**Data provided**
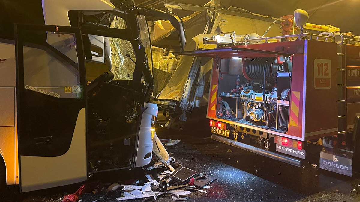 Osmaniye’de sürücüsü öğrenilemeyen Can Dersim Tuncelililer firmasına ait 62 AF 666 plakalı yolcu otobüsü, Tarsus-Adana-Gaziantep otoyolu Bahçe ilçesi yakınlarındaki Kızlaç Tüneli'nde 33 DIN 90 plakalı TIR’a arkadan çarptı.
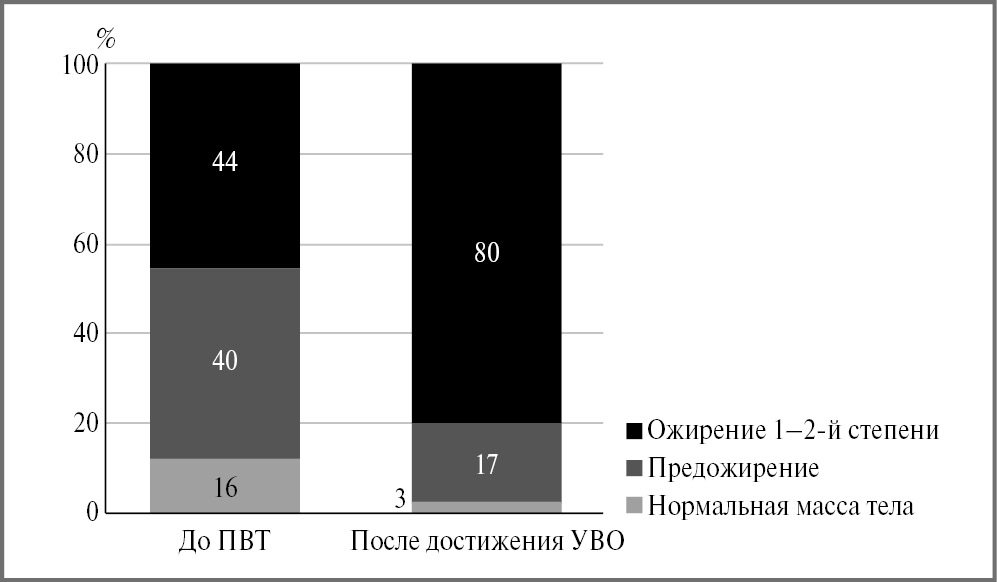 - отсутствие изменений ИМТ, выходящих за пределы диапазона ИМТ, соответствующего категории массы тела, определенной до начала ПВТ, – у 76% (n=210);
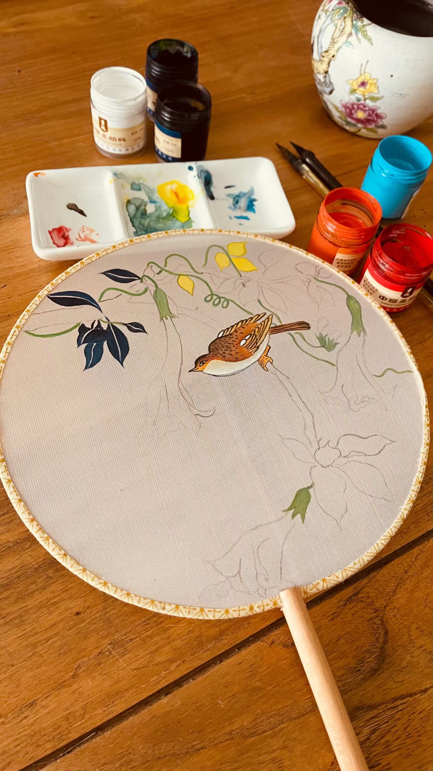 手绘团扇,一笔一画皆是心意。

**Exercise aim**
Repeat every line above exactly, but omit all images.

**Task answer**
 Osmaniye’de sürücüsü öğrenilemeyen Can Dersim Tuncelililer firmasına ait 62 AF 666 plakalı yolcu otobüsü, Tarsus-Adana-Gaziantep otoyolu Bahçe ilçesi yakınlarındaki Kızlaç Tüneli'nde 33 DIN 90 plakalı TIR’a arkadan çarptı.
 - отсутствие изменений ИМТ, выходящих за пределы диапазона ИМТ, соответствующего категории массы тела, определенной до начала ПВТ, – у 76% (n=210);
 手绘团扇,一笔一画皆是心意。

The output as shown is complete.